Using the material below, print a verbatim copy of every line from the one containing "ato da impressão." through the one containing "Regular, straight-leg jeans", inclusive, and omit the pictures.

■ Entries supplied:
====

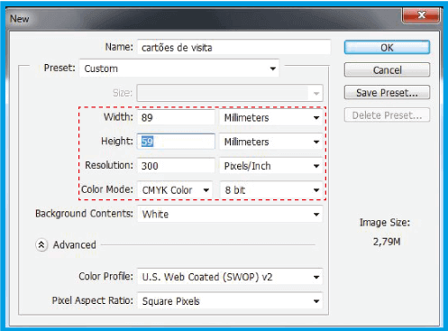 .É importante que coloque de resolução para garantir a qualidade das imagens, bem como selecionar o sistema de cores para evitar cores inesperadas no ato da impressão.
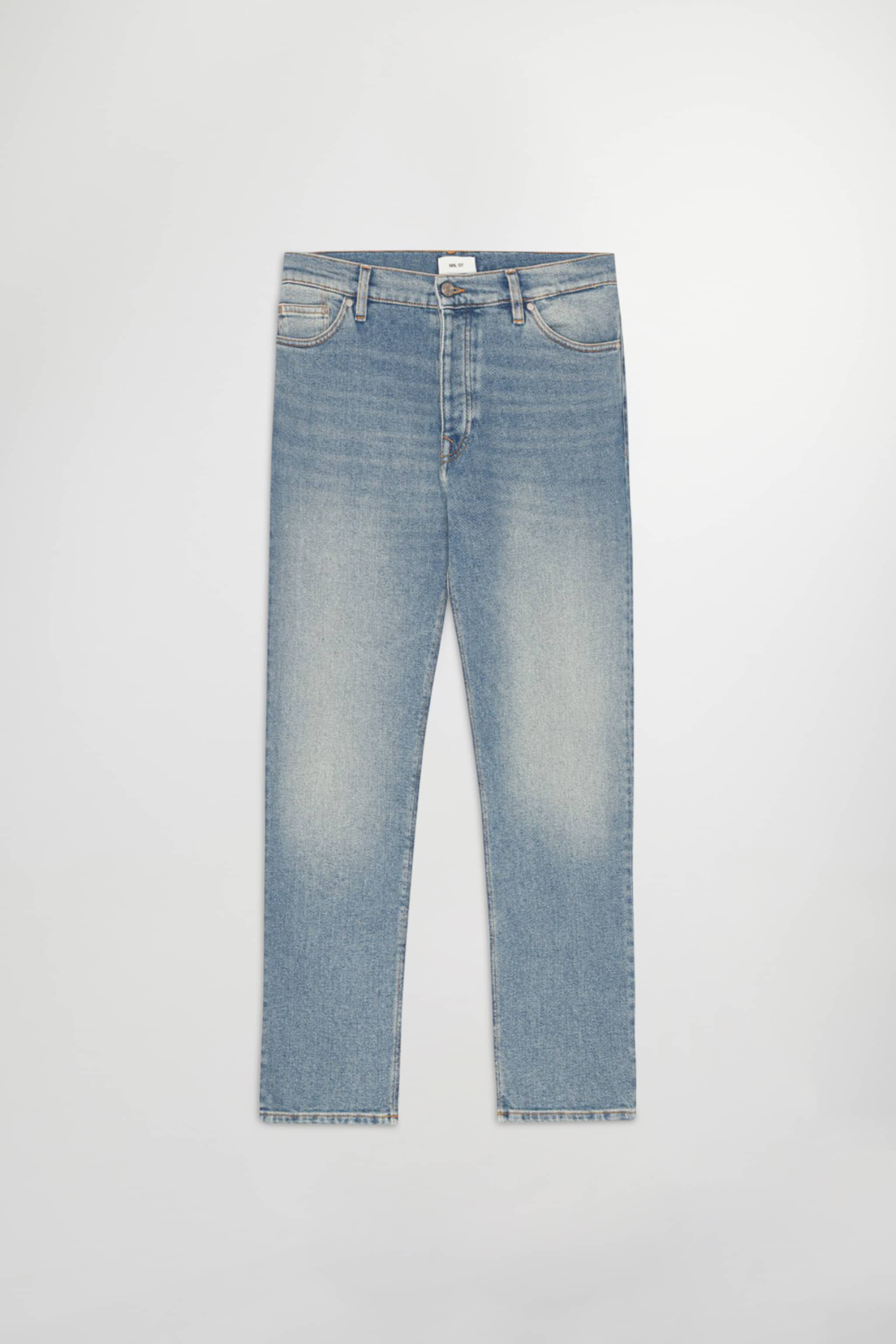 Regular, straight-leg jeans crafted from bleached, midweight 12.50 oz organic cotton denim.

====

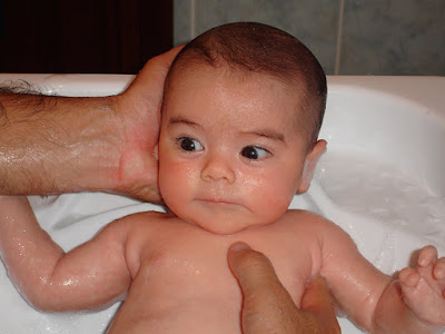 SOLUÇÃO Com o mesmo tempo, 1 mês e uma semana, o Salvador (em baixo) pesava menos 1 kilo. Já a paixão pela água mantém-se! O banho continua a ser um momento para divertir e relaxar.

====

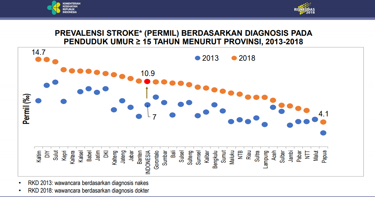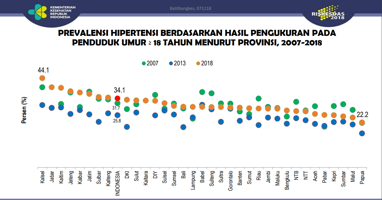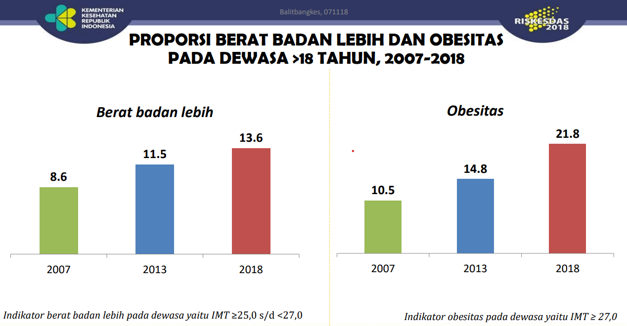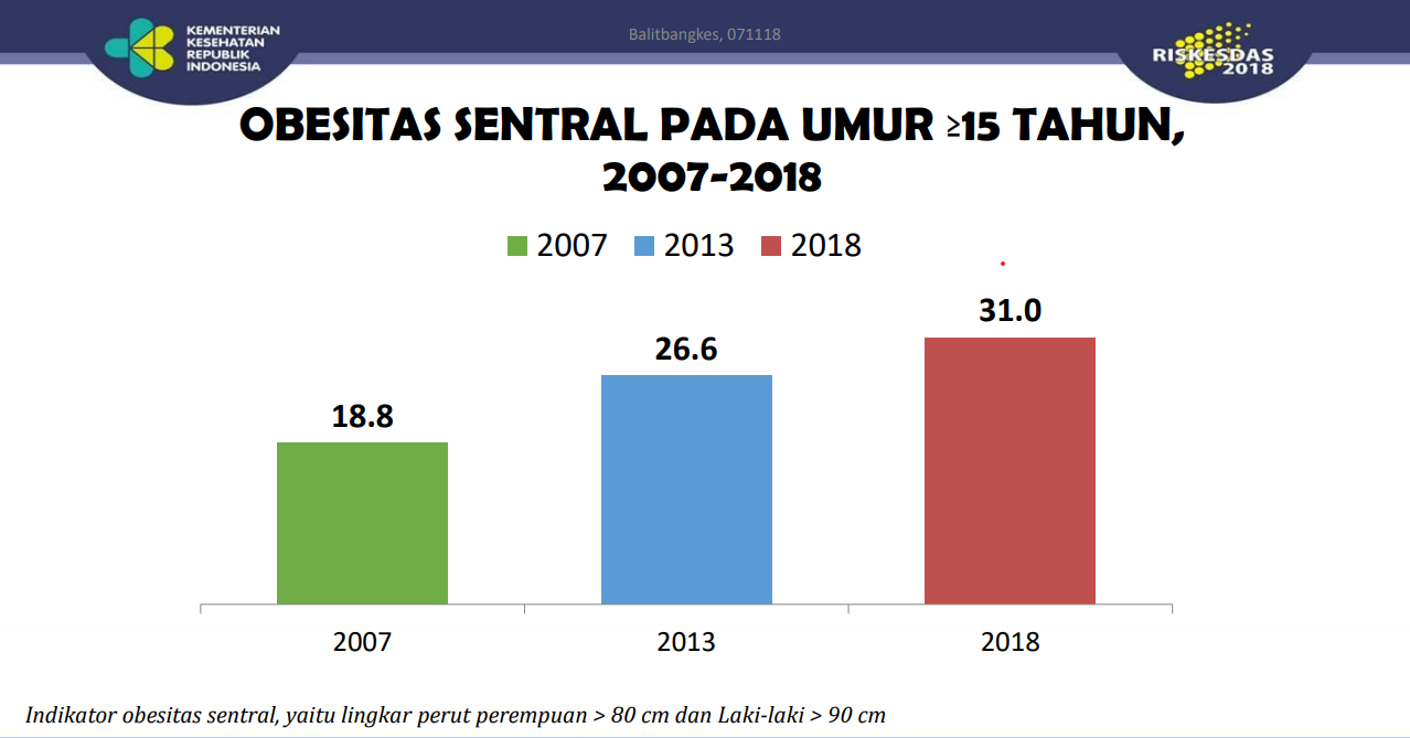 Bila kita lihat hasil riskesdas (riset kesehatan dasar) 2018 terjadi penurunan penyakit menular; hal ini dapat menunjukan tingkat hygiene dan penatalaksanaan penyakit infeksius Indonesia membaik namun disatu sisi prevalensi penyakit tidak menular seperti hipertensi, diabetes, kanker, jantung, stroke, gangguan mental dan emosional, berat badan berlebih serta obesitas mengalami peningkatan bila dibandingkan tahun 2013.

====

■ Result for this exercise:
 .É importante que coloque de resolução para garantir a qualidade das imagens, bem como selecionar o sistema de cores para evitar cores inesperadas no ato da impressão.
 Regular, straight-leg jeans crafted from bleached, midweight 12.50 oz organic cotton denim.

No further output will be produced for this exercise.